AoC-2020-Python
Advent of Code 2020 solutions, written in Python.
Day 1
Went for the brute force approach initially (O(n^2) for the first part, O(n^3) for the second), which works well for the 200 numbers in the input list. Here I added a better solution, where I look for the pair of numbers whose some is equal to 2020 in O(n) time, using a dictionary. This results in O(n) complexity for the first part, and O(n^2) for the second.
Day 2
Nothing special about this one, used a regex to parse the input and then counted each line that satisfied the rules.
Day 3
Very simple puzzle, used modulo arithmetic to determine the "invisible" parts of the forest.
Day 4
Used regexes again to validate some of the fields, however, I messed it up by using r'[0-9]{9}' for the PID (without specifying where the pattern begins and ends), which marked a 10-digit PID as valid. I lost a lot of time debugging this.
Day 5
Nice and easy problem, solved the second part by iterating through the list of seat IDs twice, first to put them in a dictionary and second to iterate from min_id to max_id and check which number is not in the dictionary. This way the solution has O(n) complexity. Maybe a more elegant but less efficient way to solve it is to sort the list and then look for a 3-element window where the IDs are not consecutive.
Day 6
Used Counters from the collections package for this, which resulted in a really short solution.
Day 7
Some regex practice again to parse the input, then used defaultdict to store the trees defined by the dependencies. To make things easier, I used two trees for the two parts, in the first one if bag A contains bag B then B will be the parent of A, while in the second one A will be the parent of B.
Day 8
Classic Advent of Code problem involving CPU instructions. In the first part I was detecting an infinite loop by simply storing the visited instruction pointers in a dictionary. For the second part, probably there is a way to determine the instruction which needs to be changed without trial and error, but I was just brute-forcing it by creating and running a new instance of the program by changing each jmp to nop and vice versa.
Day 9
Used a dictionary similar to day 1 in order to reduce complexity to O(n*k) from O(n*k^2), where n is the length of the input array and k is the length of the window we need to check (25 in this case). Complexity for part 2 is O(n^2) due to iterating through each number and start building a sum from there until there is a match.
Day 10
Solved the second part using Dynamic Programming, by memorizing for each adapter in the chain, how many ways are to reach the end of the chain from there.
Day 12
Used Python's built-in complex numbers to handle changes on the ship's position and direction. Moving can be achieved by adding another complex number, while turning can be done with multiplying by j (right) or -1j (left).
Day 14
An easy puzzle with a lot of bit manipulation involved. In the second part I used dynamic programming to generate all the possible memory addresses from the bit masks.
Day 15
Just used brute force for the second part as it does the job in under a minute.
Day 22
Nice puzzle, especially the recursive part. Nothing special about the implementation though.
Day 23
My favorite day so far. Part 1 can be easily solved by using arrays, however the complexity is O(n*m) (n being the length of the chain, m being the number of iterations), since in each iteration we have to find the destination cup, which is O(n) complexity.

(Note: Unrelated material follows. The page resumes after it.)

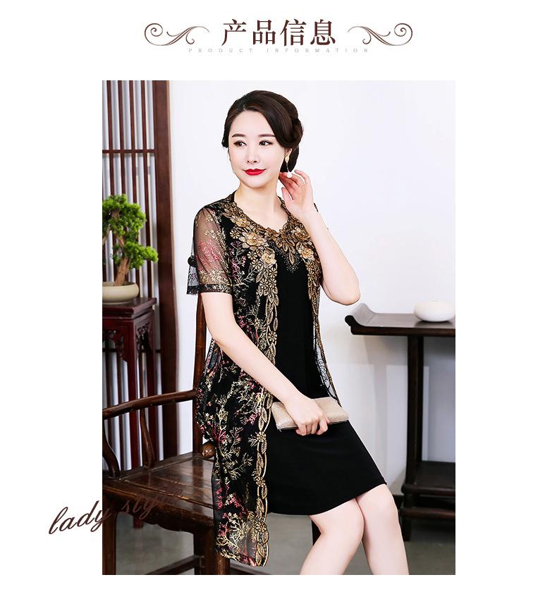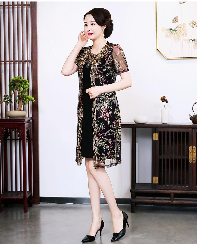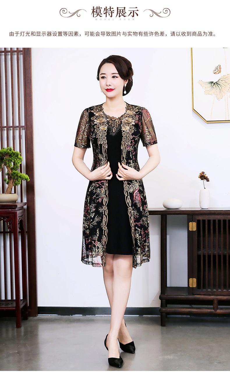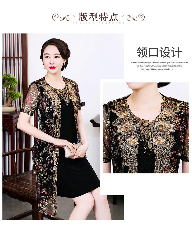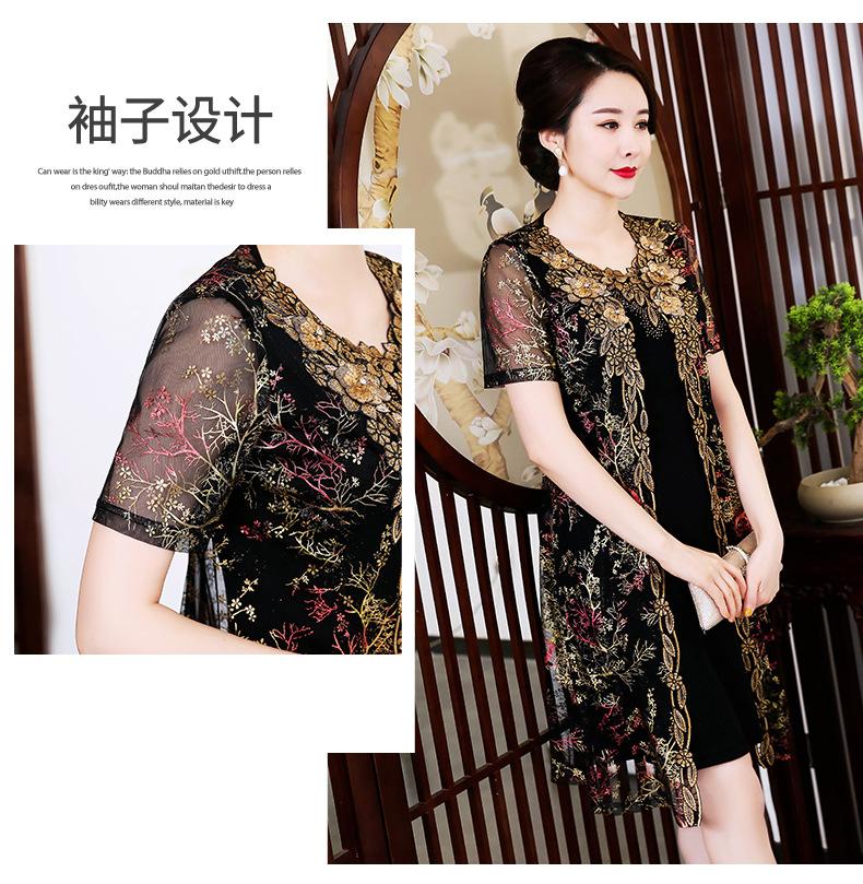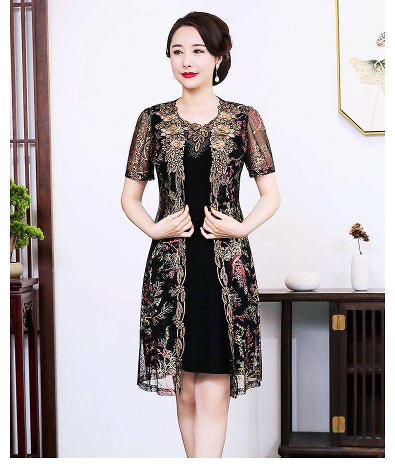 Traje de moda de verano 2023 para mujer, talla grande, vestido de dos piezas de manga corta y longitud media para madre

This leads us to a better solution for part 2, where O(n*m) would be terrible. Instead of an array, I used a linked list to store the chain, and a dictionary where I stored value -> node pairs. By using a linked list, moving nodes can be done in constant time, while the dictionary helps to locate the destination node also in constant time. This way the algorithm has O(m) complexity, which is still not super fast but it runs in a couple of seconds.
Day 24
Modelled the hex grid by adding -1 or +1 to the X and Y dimensions to get the NW, NE, SW or SE neighbor of a tile and adding -2 or +2 to the X dimension to get W or E. Then used dictionaries to store the tiles and to memorize the neighbors of each tile.
Day 25
Nice and easy puzzle to end this edition of Advent of Code :)